Reproduce exactly the lines of this material that begin at the line with "The purity of" and end at the line with "天板には側面から裏面にかけて", both included. Omit the pictures and everything else.

DATA FOR REVIEW:
____________

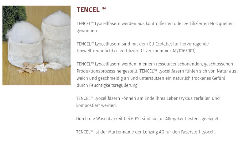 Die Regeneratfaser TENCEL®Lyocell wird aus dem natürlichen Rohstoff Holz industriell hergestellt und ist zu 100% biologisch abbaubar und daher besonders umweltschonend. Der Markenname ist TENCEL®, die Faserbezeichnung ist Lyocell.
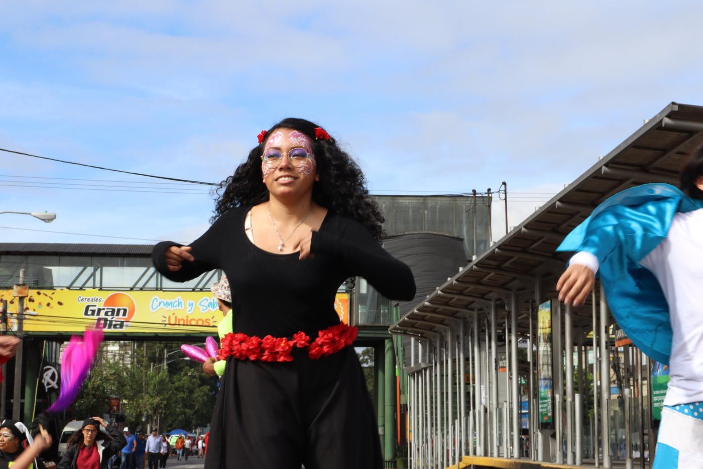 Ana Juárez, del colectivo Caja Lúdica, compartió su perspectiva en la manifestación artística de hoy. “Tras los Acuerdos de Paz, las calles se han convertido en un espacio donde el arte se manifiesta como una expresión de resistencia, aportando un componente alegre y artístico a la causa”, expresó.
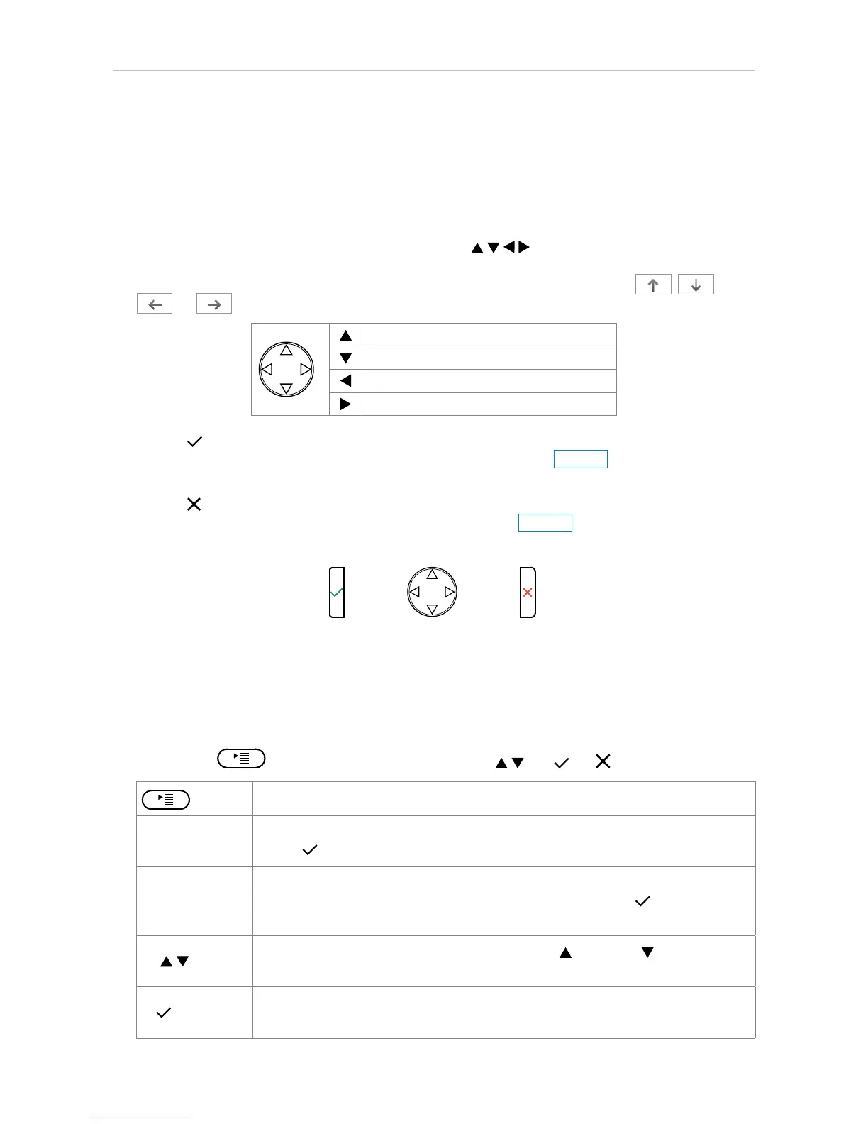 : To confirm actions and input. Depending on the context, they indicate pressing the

____________

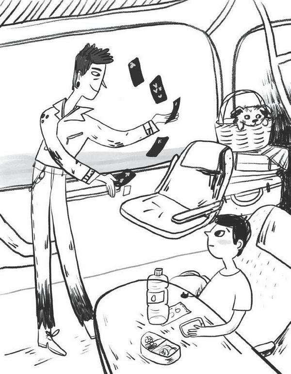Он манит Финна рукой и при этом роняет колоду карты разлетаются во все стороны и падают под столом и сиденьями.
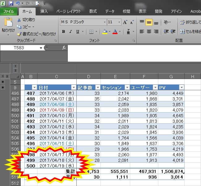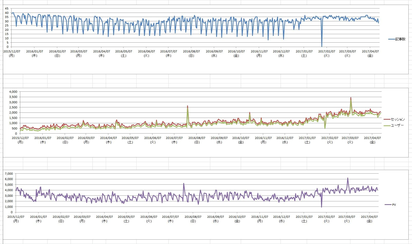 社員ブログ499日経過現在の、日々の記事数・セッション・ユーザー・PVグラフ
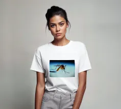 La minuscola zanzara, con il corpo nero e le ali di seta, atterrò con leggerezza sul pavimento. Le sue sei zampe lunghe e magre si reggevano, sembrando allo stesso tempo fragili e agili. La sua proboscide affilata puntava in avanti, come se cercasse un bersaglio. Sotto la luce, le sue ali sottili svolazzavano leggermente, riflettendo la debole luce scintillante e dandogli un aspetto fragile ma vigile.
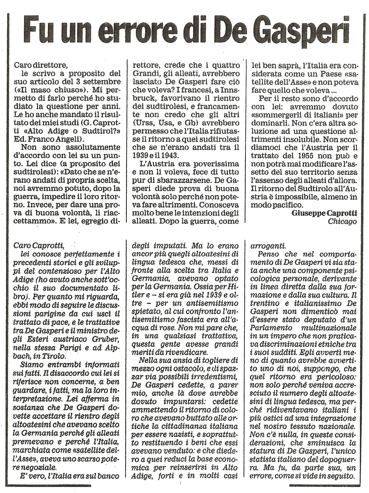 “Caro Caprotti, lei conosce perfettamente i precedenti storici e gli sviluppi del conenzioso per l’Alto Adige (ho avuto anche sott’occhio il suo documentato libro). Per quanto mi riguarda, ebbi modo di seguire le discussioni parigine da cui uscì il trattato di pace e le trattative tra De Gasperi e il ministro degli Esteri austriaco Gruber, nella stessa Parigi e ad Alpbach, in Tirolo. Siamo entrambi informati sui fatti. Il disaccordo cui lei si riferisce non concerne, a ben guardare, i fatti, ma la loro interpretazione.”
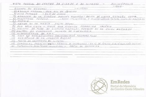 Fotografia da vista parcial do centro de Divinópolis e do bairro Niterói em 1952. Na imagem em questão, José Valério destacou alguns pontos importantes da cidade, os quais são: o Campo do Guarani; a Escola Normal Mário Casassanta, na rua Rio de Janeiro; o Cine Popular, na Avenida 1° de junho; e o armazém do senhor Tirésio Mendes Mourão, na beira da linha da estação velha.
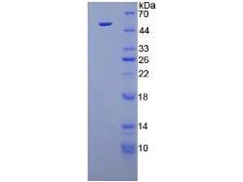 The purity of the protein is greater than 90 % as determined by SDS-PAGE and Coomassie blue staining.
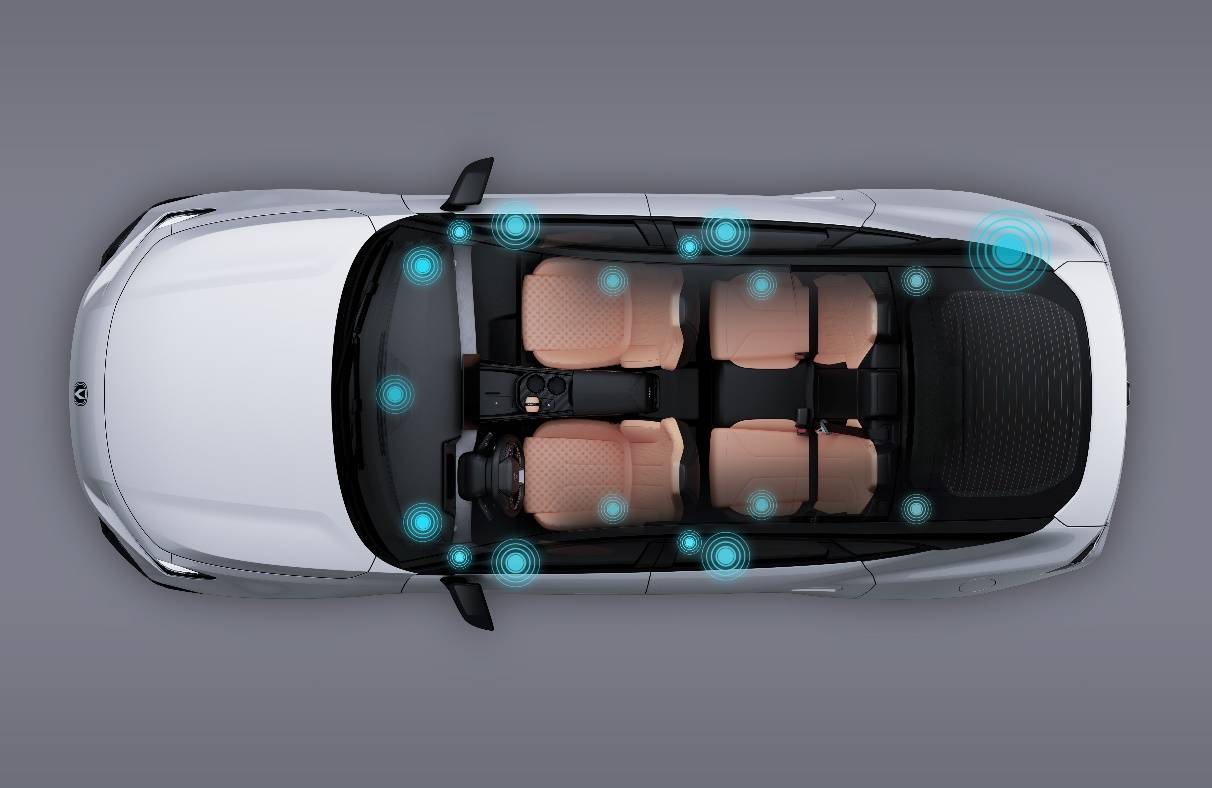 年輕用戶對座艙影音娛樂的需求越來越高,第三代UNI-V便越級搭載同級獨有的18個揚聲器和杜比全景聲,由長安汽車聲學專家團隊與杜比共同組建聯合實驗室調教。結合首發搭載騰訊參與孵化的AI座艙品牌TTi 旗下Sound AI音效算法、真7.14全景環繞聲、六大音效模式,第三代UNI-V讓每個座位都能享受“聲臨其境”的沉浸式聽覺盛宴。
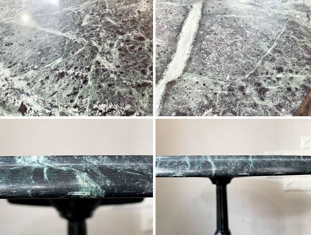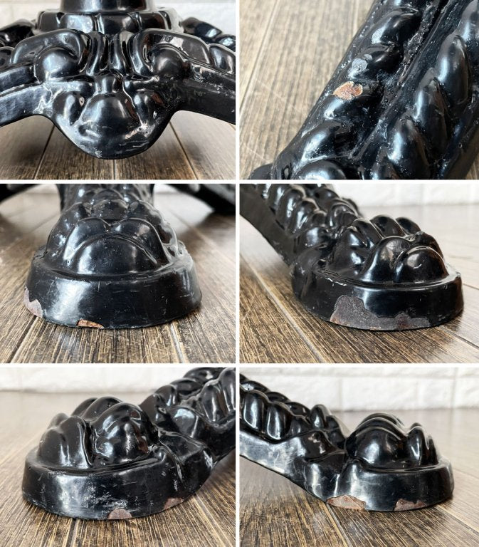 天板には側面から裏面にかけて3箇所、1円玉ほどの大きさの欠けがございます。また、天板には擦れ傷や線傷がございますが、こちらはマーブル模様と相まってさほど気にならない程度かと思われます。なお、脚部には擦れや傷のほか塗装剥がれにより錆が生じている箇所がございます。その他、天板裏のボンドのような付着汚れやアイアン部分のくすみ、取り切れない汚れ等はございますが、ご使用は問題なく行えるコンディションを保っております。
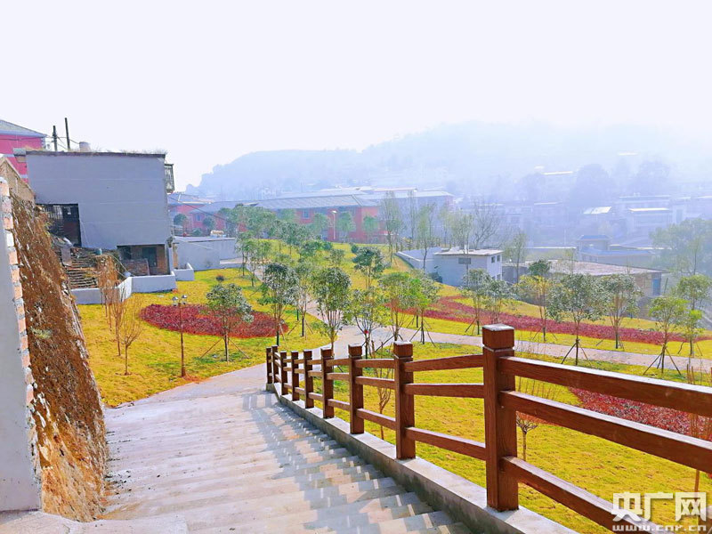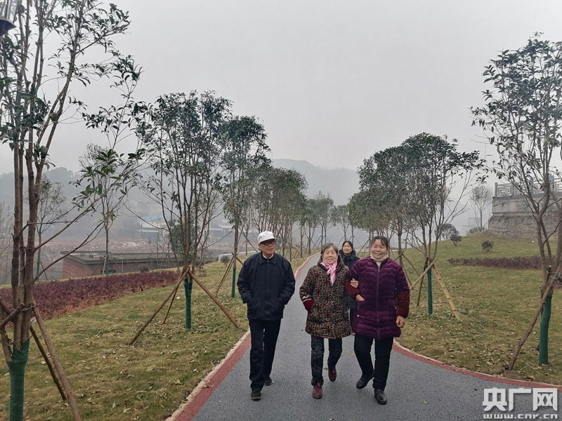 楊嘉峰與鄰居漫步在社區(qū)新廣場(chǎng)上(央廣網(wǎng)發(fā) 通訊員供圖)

____________

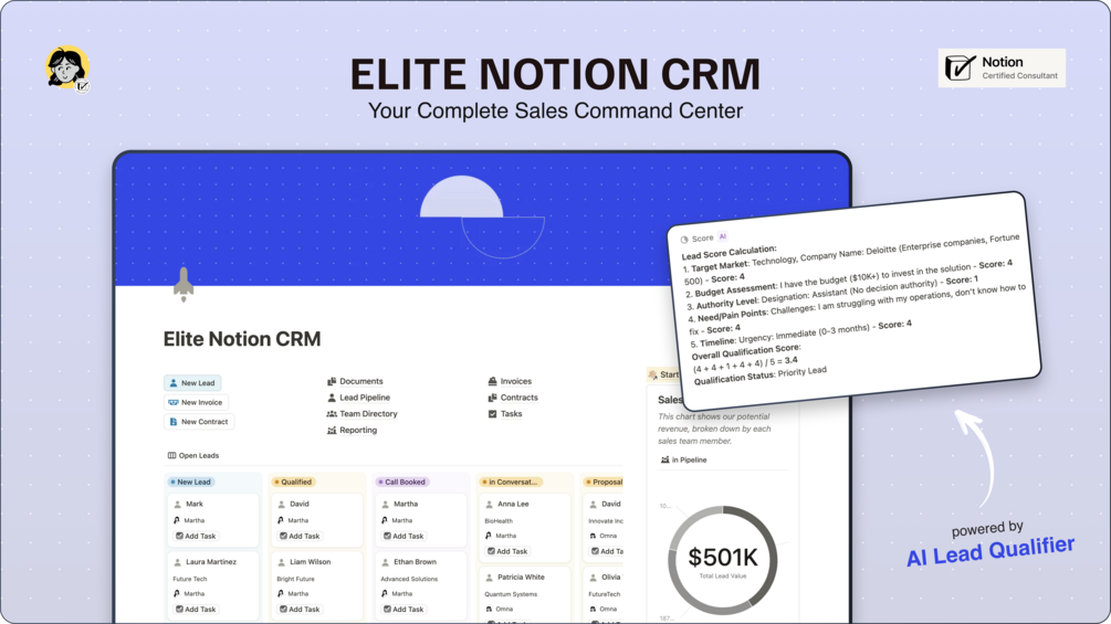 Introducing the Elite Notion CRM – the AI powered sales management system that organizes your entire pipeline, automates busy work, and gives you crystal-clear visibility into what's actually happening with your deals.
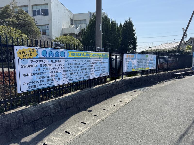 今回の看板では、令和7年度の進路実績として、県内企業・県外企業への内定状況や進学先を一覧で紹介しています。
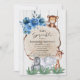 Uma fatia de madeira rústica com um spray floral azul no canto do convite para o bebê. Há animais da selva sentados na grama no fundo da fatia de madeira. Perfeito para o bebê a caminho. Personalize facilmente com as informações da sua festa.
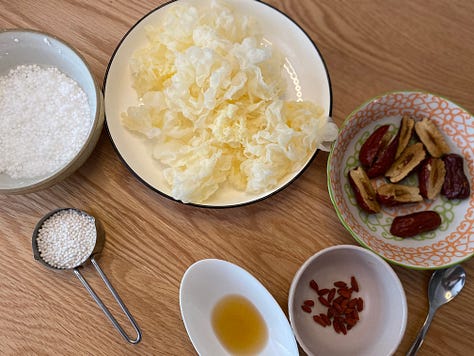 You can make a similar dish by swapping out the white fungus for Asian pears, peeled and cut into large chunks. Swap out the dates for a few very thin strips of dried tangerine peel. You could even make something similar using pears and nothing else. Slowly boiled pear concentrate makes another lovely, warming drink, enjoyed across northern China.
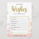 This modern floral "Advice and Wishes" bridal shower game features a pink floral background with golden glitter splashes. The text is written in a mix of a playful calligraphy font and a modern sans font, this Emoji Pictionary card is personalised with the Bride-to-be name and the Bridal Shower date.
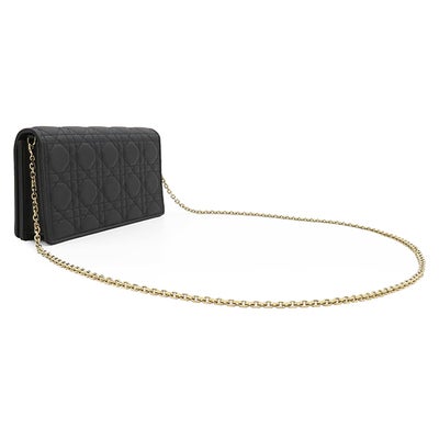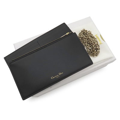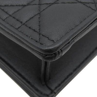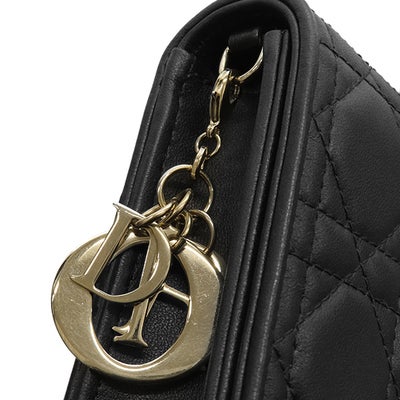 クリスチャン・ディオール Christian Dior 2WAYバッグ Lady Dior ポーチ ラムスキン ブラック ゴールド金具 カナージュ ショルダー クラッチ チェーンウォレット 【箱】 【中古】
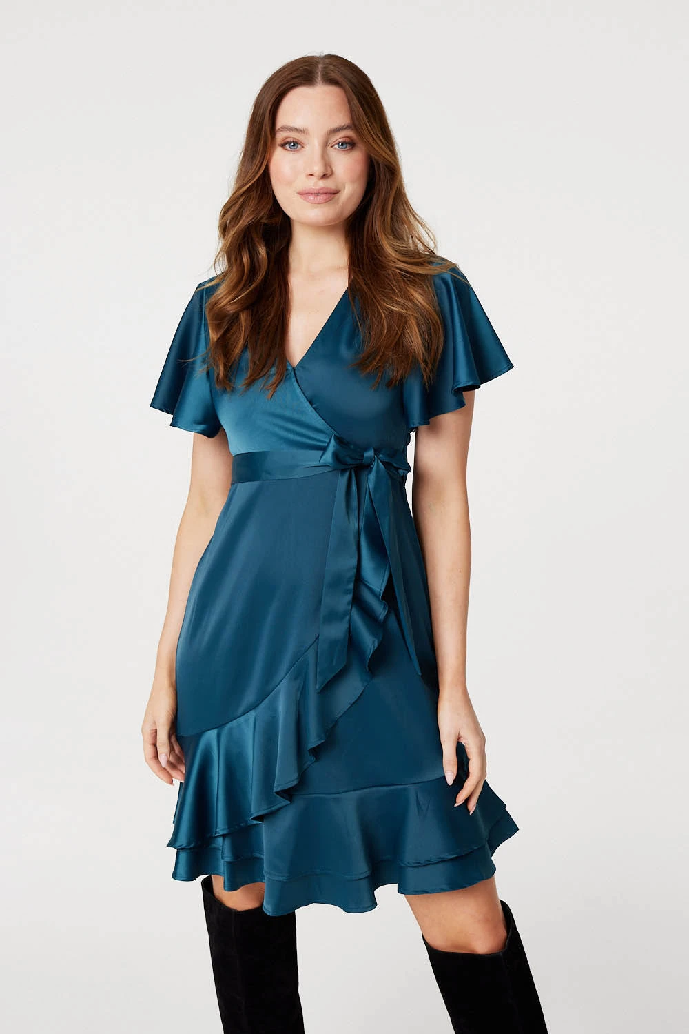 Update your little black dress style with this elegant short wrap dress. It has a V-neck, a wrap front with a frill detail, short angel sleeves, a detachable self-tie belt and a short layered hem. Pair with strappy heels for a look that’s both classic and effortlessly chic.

____________

EXERCISE ANSWER:
 The purity of the protein is greater than 90 % as determined by SDS-PAGE and Coomassie blue staining.
 年輕用戶對座艙影音娛樂的需求越來越高,第三代UNI-V便越級搭載同級獨有的18個揚聲器和杜比全景聲,由長安汽車聲學專家團隊與杜比共同組建聯合實驗室調教。結合首發搭載騰訊參與孵化的AI座艙品牌TTi 旗下Sound AI音效算法、真7.14全景環繞聲、六大音效模式,第三代UNI-V讓每個座位都能享受“聲臨其境”的沉浸式聽覺盛宴。
 天板には側面から裏面にかけて3箇所、1円玉ほどの大きさの欠けがございます。また、天板には擦れ傷や線傷がございますが、こちらはマーブル模様と相まってさほど気にならない程度かと思われます。なお、脚部には擦れや傷のほか塗装剥がれにより錆が生じている箇所がございます。その他、天板裏のボンドのような付着汚れやアイアン部分のくすみ、取り切れない汚れ等はございますが、ご使用は問題なく行えるコンディションを保っております。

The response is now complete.